Oral Rehydration Therapy and Antidiarrheals

Introduction/Overview

Oral rehydration therapy (ORT) and antidiarrheal agents represent cornerstone interventions for the management of diarrheal illnesses across all age groups. Diarrhea remains a leading cause of morbidity and mortality worldwide, particularly among children under five years of age. The provision of balanced electrolyte solutions has dramatically reduced mortality rates in acute diarrheal disease, while antidiarrheals are employed to alleviate symptoms, improve patient comfort, and, in select circumstances, shorten disease duration. The clinical relevance of both therapeutic modalities is underscored by the high prevalence of infectious gastroenteritis, the emergence of antimicrobial resistance, and the increasing burden of functional bowel disorders.

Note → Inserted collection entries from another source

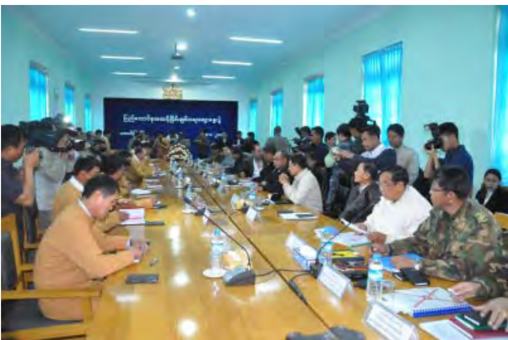
ပြည်ထောင်စုအဆင့် ငြိမ်းချမ်းရေးဆွေးနွေးရေးအဖွဲ့နှင့် ရှမ်းပြည်တိုးတက်ရေးပါတီ (SSPP) တို့ ငြိမ်းချမ်းရေးတွေ့ဆုံဆွေးနွေးကြစဉ်

ပြည်ထောင်စုအဆင့် ငြိမ်းချမ်းရေးဆွေးနွေးရေးအဖွဲ့နှင့် ရှမ်းပြည်တိုးတက်ရေးပါတီ (SSPP) တို့ ၂၀၁၂ ခုနှစ်၊ ဇန်နဝါရီလ ၂၈ ရက်နေ့က ရှမ်းပြည်နယ်၊ တောင်ကြီးမြို့နယ်၊ ပြည်နယ်အစိုးရအဖွဲ့ရုံးခန်းမတွင်ပြည်ထောင်စုအဆင့် ငြိမ်းချမ်းရေးဆွေးနွေးပွဲပြုလုပ်ခဲ့ပြီး အချက်ငါးချက်ပါဝင်သော သဘောတူညီချက်ကို လက်မှတ်ရေးထိုးခဲ့ကြောင်း သိရသည်။ အဆိုပါသဘောတူညီချက် ငါးချက်မှာ ၂၀၁၂ ခုနှစ်၊ ဇန်နဝါရီလ ၂၈ ရက်နေ့က တောင်ကြီးမြို့တွင် ရှမ်းပြည်နယ်ငြိမ်းချမ်းရေးဖော်ဆောင်ရေးအဖွဲ့နှင့် ရှမ်းပြည်တိုးတက်ရေးပါတီ (SSPP) တို့ သဘောတူလက်မှတ်ရေးထိုးခဲ့သောငြိမ်းချမ်းရေးတည်ဆောက်ရန် ပဏာမသဘောတူညီချက်ကို အတည်ပြုရန်သဘောတူခြင်း၊ ပင်လုံစိတ်ဓာတ်ကိုအခြေခံ၍ ပြည်ထောင်စုမပြိုကွဲအောင် ပူးပေါင်းတည်ဆောက်ရေး၊ တိုင်းရင်းသားစည်းလုံးညီညွတ်မှုမပြိုကွဲအောင်ပူးပေါင်းတည်ဆောက်ရေးနှင့်အချုပ်အခြာအာဏာတည်တံ့ခိုင်မြဲအောင်ပူးပေါင်းတည်ဆောက်ရေးတို့ကို ထာဝစဉ်ကြိုးပမ်းဆောင်ရွက်သွားရန်သဘောတူခြင်း၊နယ်မြေဒေသဖွံ့ဖြိုးတိုးတက်ရေးအတွက် ရှမ်းပြည်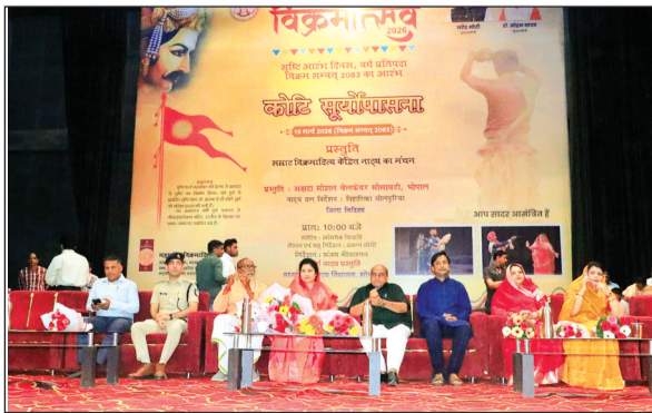
विदिशा। ऑडिटीरियम में आयोजित कार्यक्रम में मौजूद जनप्रतिनिधिगण।

प्रदेशव्यापी विक्रमोत्सव 2026 के अंतर्गत कोटि सूर्य उपासना कार्यक्रम का आयोजन जिले में उत्साहपूर्वक किया गया। कार्यक्रम का शुभारंभ राज्यमंत्री कृष्णा गौर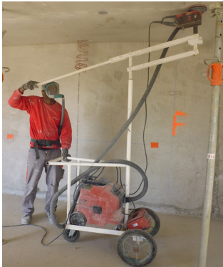
Poste de ponçage intégré (ponceuse, aspirateur, chariot mobile)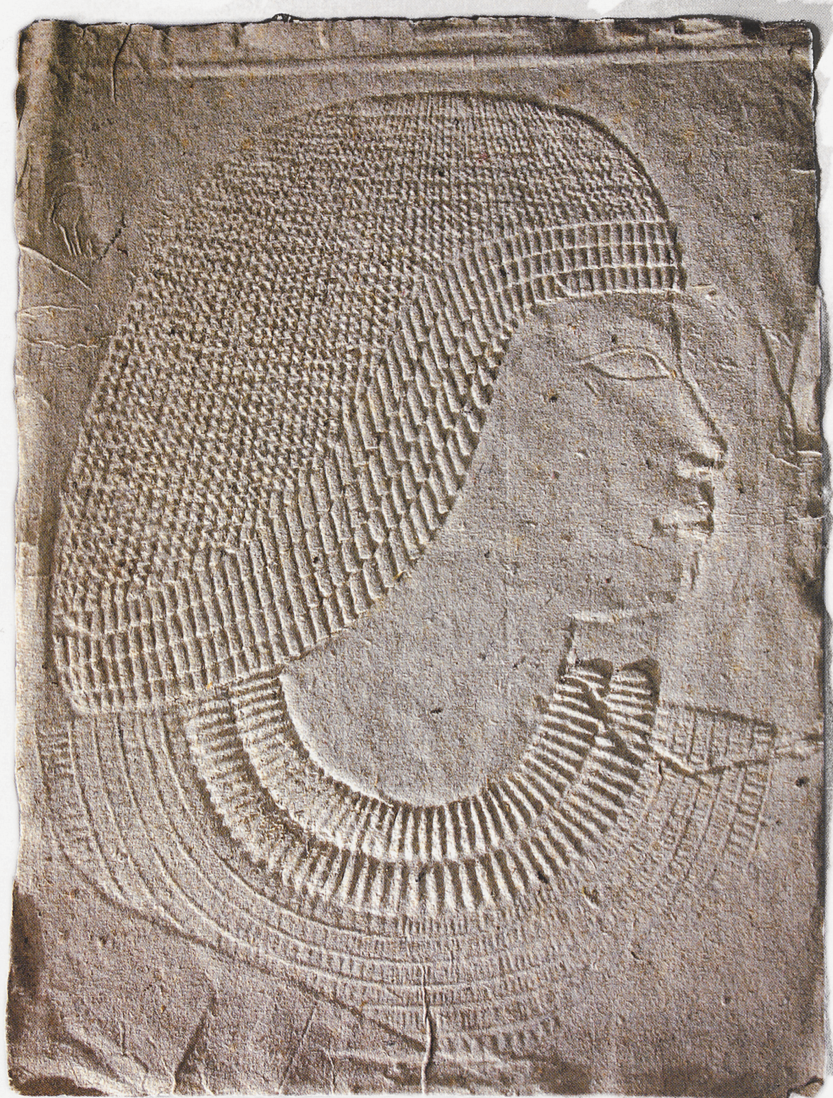
Teeba üllikute hauakambrireljeefi pabertõmmis. 1900. a-te algus. A paper cast of a relief from a crypt of Theban superiors. Early 1900s.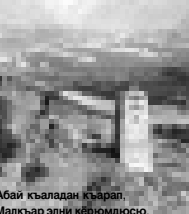
Абай къаладан къарар, Малкъар элини кёрюмдосу.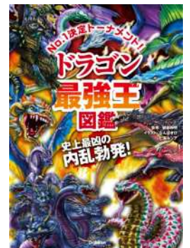
健部 伸明：監修 なんばきび 七海ルシア：絵 『ドラゴン最強王図鑑』 (Gakken)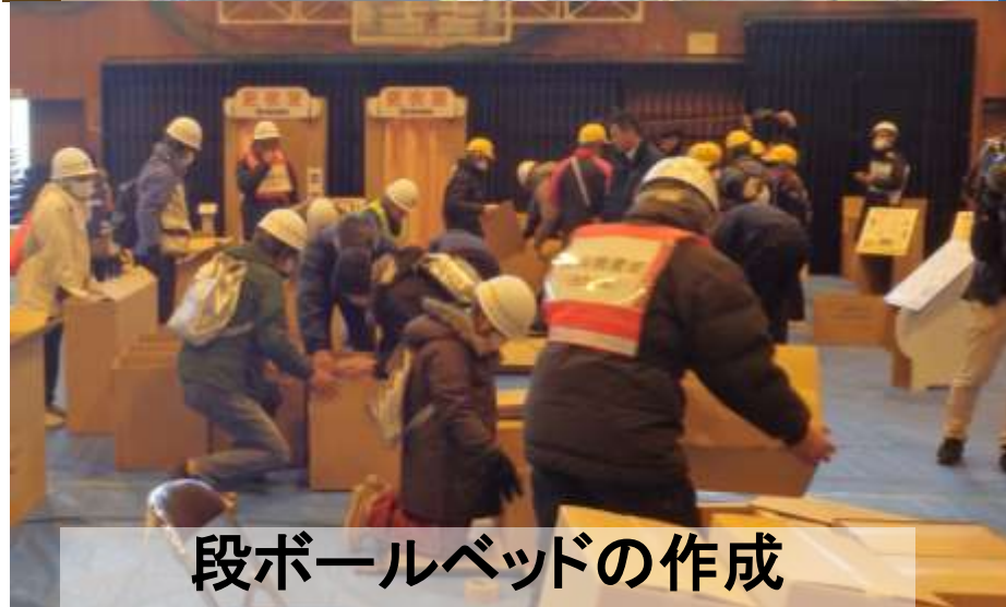
段ボールベッドの作成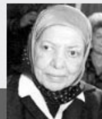
دکتر عایشه بنت الشاطی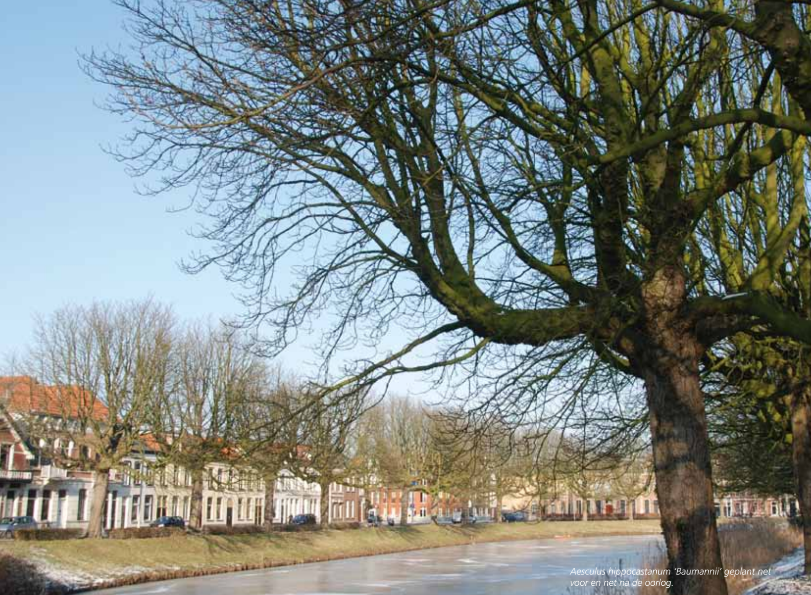
Aesculus hippocastanum 'Baumannii' geplant net voor en net na de oorlog.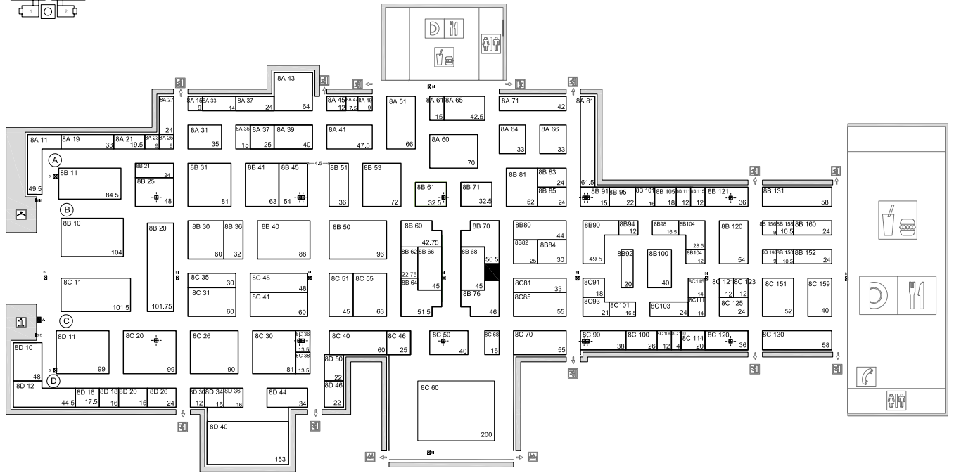
Situación del stand / Stand Location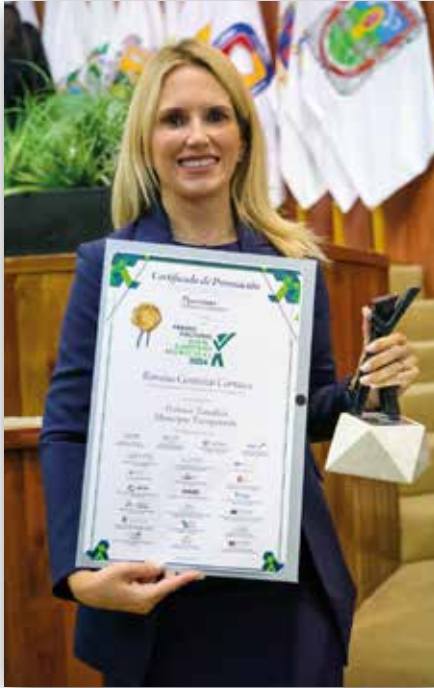
Premio Nacional al Buen Gobierno Municipal 2024 "Municipio Transparente"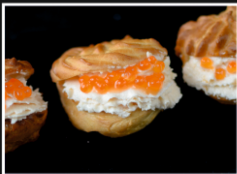
ПРОФИТРОЛИ С КРЕМОМ ИЗ ЛОСОСЯ И КРАСНОЙ ИКРОЙ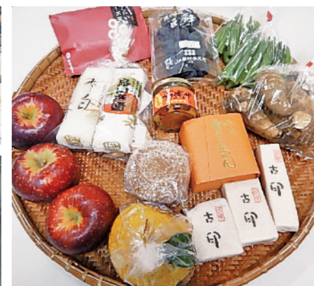
※実際の販売品目と異なる場合があります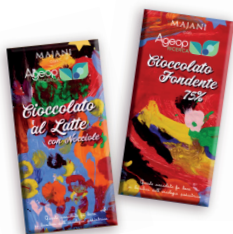
TAVOLETTE CIOCCOLATO LATTE E NOCCIOLE O FONDENTE 75% € 5,00 100 gr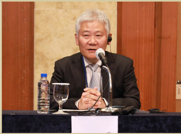
〈좌 장〉이데이시 타다시 NHK 해설주간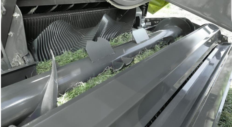
Slika 5. Uređaj za podizanje i transport sijena

Learning objectives for this chapter include:

  • Describe the pharmacologic principles that govern the efficacy of oral rehydration solutions.
  • Classify antidiarrheal medications according to mechanism of action and therapeutic indications.
  • Explain the pharmacodynamic and pharmacokinetic properties of key antidiarrheal agents.
  • Identify adverse effect profiles and potential drug interactions associated with oral rehydration and antidiarrheal therapies.
  • Apply evidence‑based recommendations for special populations, including pregnant women, lactating mothers, pediatric patients, and individuals with renal or hepatic impairment.

Classification

Oral Rehydration Solutions (ORS)

Oral rehydration solutions are categorized primarily by their electrolyte composition, osmolarity, and intended clinical setting. The World Health Organization (WHO) standard ORS contains 75 mEq of sodium, 75 mEq of chloride, 20 mEq of potassium, 10 mEq of citrate (or 10 mEq of phosphate), and 111 g/L of glucose, yielding an osmolarity of approximately 245 mOsm/L. Variations include the expanded-oligohydration (EO) ORS, which replaces citrate with bicarbonate, and the reduced osmolarity ORS (RO-ORS) designed for use in children with severe dehydration. Commercially available products may also contain carbohydrate derivatives such as sorbitol or maltodextrin, and may be tailored for specific etiologies, such as cholera or travelers’ diarrhea.

Antidiarrheal Agents

Antidiarrheals are grouped by mechanism of action, which informs both therapeutic strategy and safety profile. The principal classes include:

  • Anti‑motility agents – e.g., loperamide, which reduces intestinal transit time.
  • Antisecretory agents – e.g., racecadotril, which diminishes chloride secretion.
  • Anti‑inflammatory agents – e.g., bismuth subsalicylate, which mitigates mucosal inflammation.
  • Antimicrobial agents with antidiarrheal properties – e.g., macrolide antibiotics, which address bacterial etiologies while reducing secretory output.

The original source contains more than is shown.